▶ _WHAT TO PRODUCE_: All of the listing is to be written out word for word, with the pictures left out.

▶ _ENTRIES PROVIDED_:

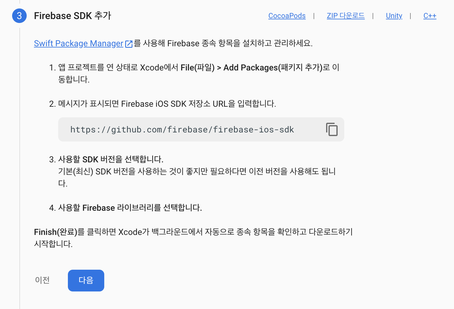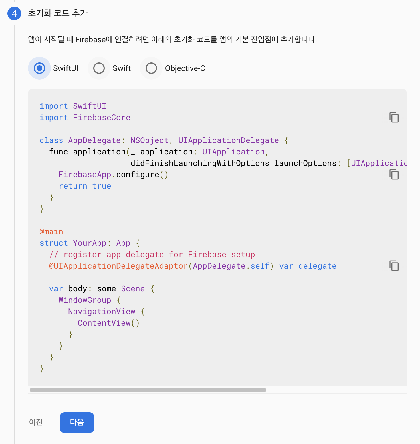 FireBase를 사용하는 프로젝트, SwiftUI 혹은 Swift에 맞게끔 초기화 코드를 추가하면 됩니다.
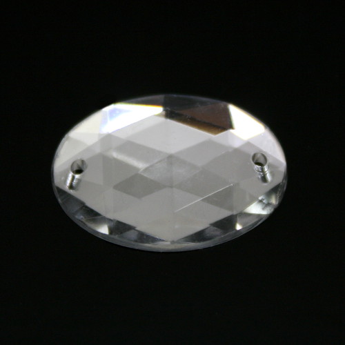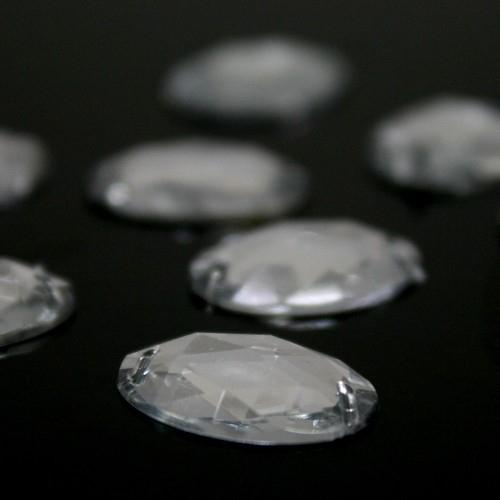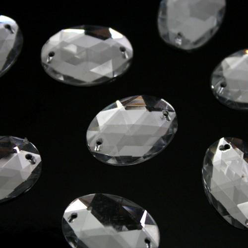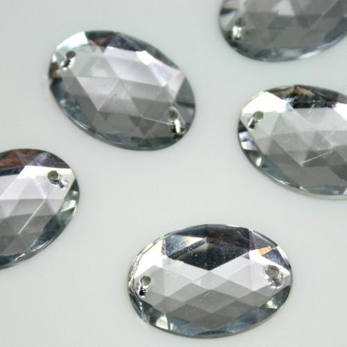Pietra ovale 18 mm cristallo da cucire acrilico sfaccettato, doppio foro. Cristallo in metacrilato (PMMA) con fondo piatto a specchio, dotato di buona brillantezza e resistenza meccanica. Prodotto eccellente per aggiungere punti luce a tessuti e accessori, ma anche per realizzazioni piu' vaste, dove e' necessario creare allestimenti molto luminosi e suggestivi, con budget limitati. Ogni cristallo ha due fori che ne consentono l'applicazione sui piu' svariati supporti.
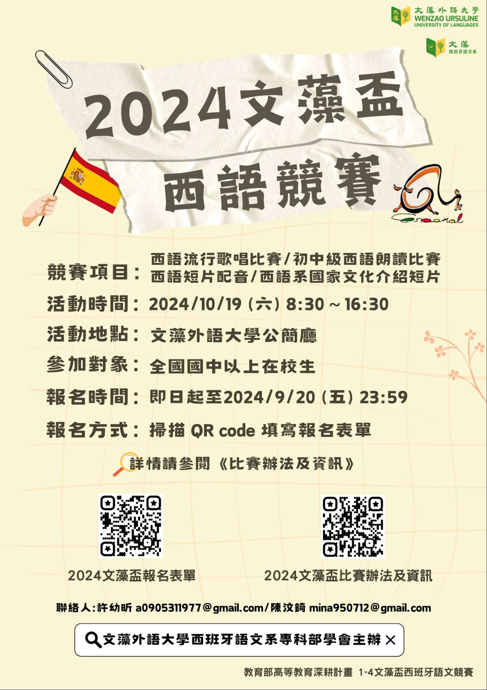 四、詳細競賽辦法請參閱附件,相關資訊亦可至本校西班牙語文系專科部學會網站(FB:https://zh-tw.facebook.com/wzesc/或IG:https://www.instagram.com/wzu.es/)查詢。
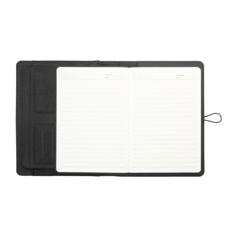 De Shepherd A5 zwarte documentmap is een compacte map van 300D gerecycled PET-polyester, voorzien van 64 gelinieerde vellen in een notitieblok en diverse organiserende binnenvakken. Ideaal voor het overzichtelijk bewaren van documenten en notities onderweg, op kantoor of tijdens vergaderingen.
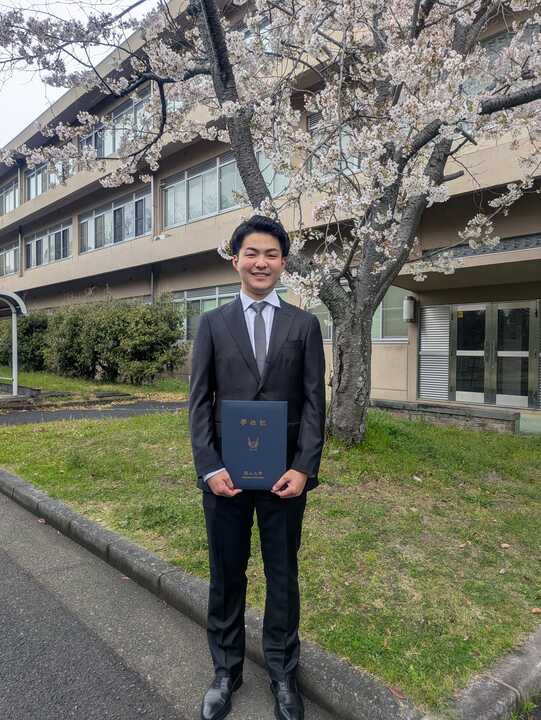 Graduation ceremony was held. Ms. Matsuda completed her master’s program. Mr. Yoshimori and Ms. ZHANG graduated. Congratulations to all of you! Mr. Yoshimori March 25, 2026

▶ _SOLUTION FOR THIS PROBLEM_:
 FireBase를 사용하는 프로젝트, SwiftUI 혹은 Swift에 맞게끔 초기화 코드를 추가하면 됩니다.
Pietra ovale 18 mm cristallo da cucire acrilico sfaccettato, doppio foro. Cristallo in metacrilato (PMMA) con fondo piatto a specchio, dotato di buona brillantezza e resistenza meccanica. Prodotto eccellente per aggiungere punti luce a tessuti e accessori, ma anche per realizzazioni piu' vaste, dove e' necessario creare allestimenti molto luminosi e suggestivi, con budget limitati. Ogni cristallo ha due fori che ne consentono l'applicazione sui piu' svariati supporti.
 四、詳細競賽辦法請參閱附件,相關資訊亦可至本校西班牙語文系專科部學會網站(FB:https://zh-tw.facebook.com/wzesc/或IG:https://www.instagram.com/wzu.es/)查詢。
 De Shepherd A5 zwarte documentmap is een compacte map van 300D gerecycled PET-polyester, voorzien van 64 gelinieerde vellen in een notitieblok en diverse organiserende binnenvakken. Ideaal voor het overzichtelijk bewaren van documenten en notities onderweg, op kantoor of tijdens vergaderingen.
 Graduation ceremony was held. Ms. Matsuda completed her master’s program. Mr. Yoshimori and Ms. ZHANG graduated. Congratulations to all of you! Mr. Yoshimori March 25, 2026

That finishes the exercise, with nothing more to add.